# How to complete this task:
Please repeat exactly the lines below from the line with "На солею вышел" to the line with "This home is", including both, and leave out every picture.

# Stored data:
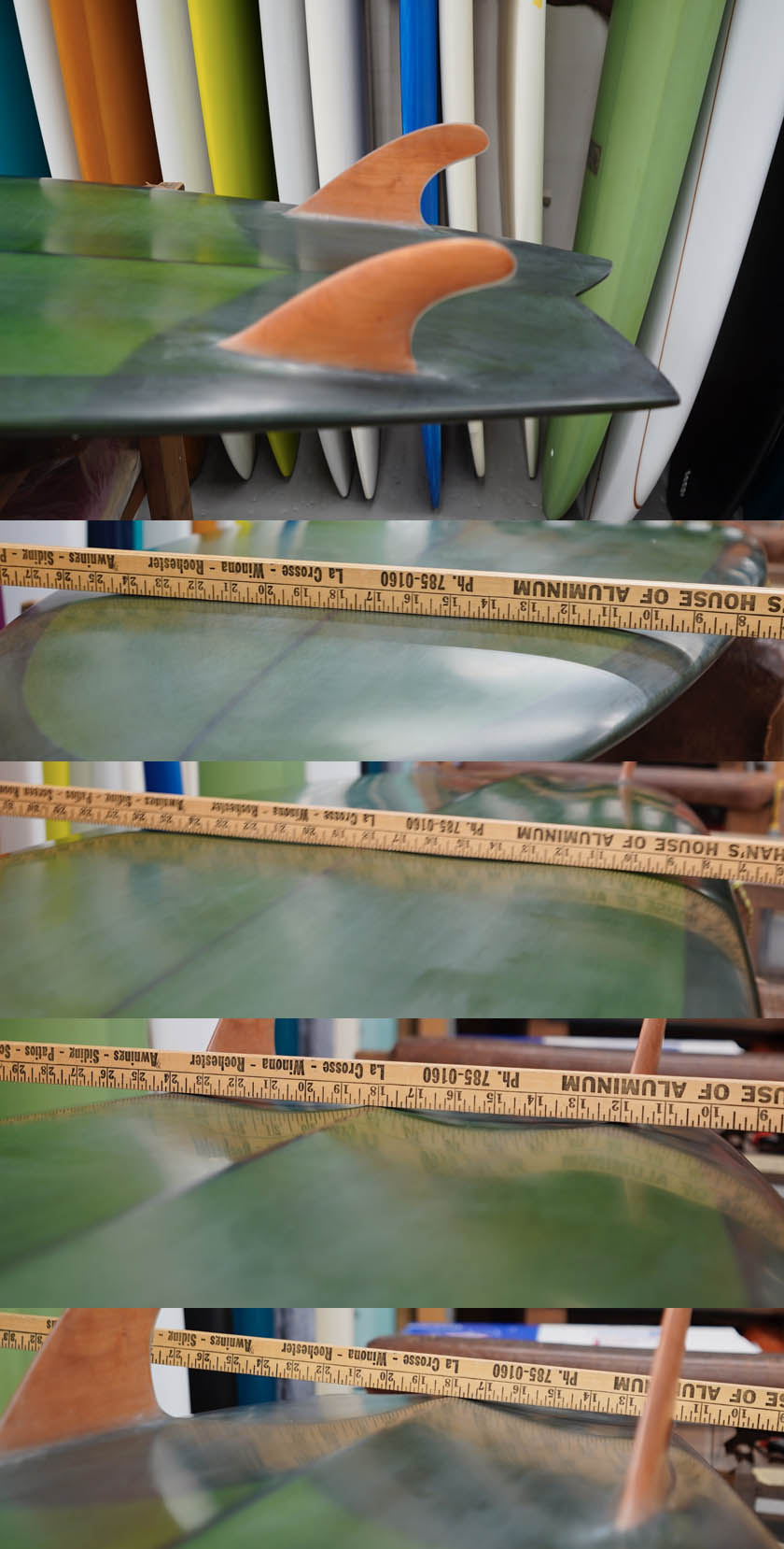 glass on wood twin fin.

--

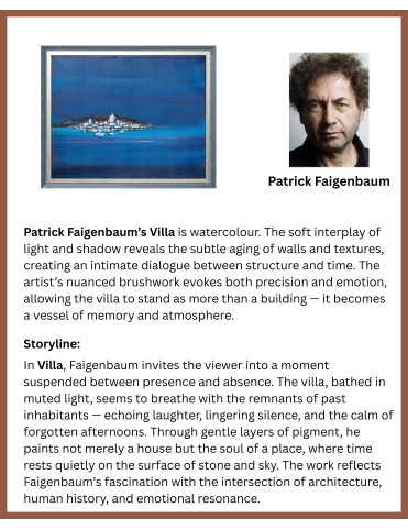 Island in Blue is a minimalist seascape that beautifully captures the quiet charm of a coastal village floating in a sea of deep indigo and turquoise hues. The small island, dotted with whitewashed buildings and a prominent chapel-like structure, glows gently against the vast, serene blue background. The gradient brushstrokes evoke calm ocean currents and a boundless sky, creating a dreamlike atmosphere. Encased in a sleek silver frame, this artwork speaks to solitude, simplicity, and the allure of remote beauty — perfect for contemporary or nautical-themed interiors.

* * *

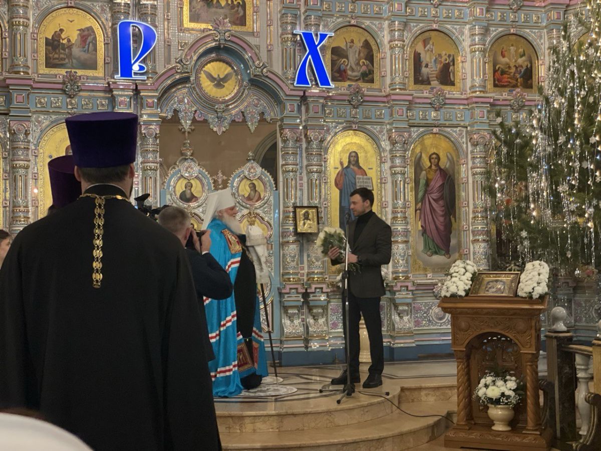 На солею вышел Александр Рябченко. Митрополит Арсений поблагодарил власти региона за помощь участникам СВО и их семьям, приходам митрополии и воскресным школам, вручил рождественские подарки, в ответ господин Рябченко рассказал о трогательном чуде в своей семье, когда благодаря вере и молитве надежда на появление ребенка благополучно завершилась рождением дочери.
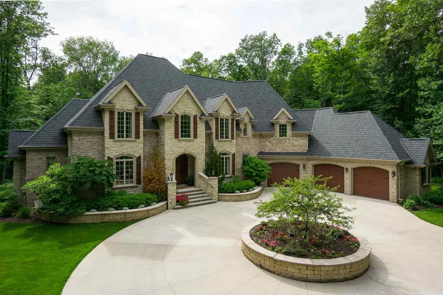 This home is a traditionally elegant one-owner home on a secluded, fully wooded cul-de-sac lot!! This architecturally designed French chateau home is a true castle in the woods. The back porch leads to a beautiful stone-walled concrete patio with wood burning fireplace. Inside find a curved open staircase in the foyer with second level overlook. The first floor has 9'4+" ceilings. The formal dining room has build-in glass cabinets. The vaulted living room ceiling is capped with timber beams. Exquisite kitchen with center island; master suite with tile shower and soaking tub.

# Task output:
 На солею вышел Александр Рябченко. Митрополит Арсений поблагодарил власти региона за помощь участникам СВО и их семьям, приходам митрополии и воскресным школам, вручил рождественские подарки, в ответ господин Рябченко рассказал о трогательном чуде в своей семье, когда благодаря вере и молитве надежда на появление ребенка благополучно завершилась рождением дочери.
 This home is a traditionally elegant one-owner home on a secluded, fully wooded cul-de-sac lot!! This architecturally designed French chateau home is a true castle in the woods. The back porch leads to a beautiful stone-walled concrete patio with wood burning fireplace. Inside find a curved open staircase in the foyer with second level overlook. The first floor has 9'4+" ceilings. The formal dining room has build-in glass cabinets. The vaulted living room ceiling is capped with timber beams. Exquisite kitchen with center island; master suite with tile shower and soaking tub.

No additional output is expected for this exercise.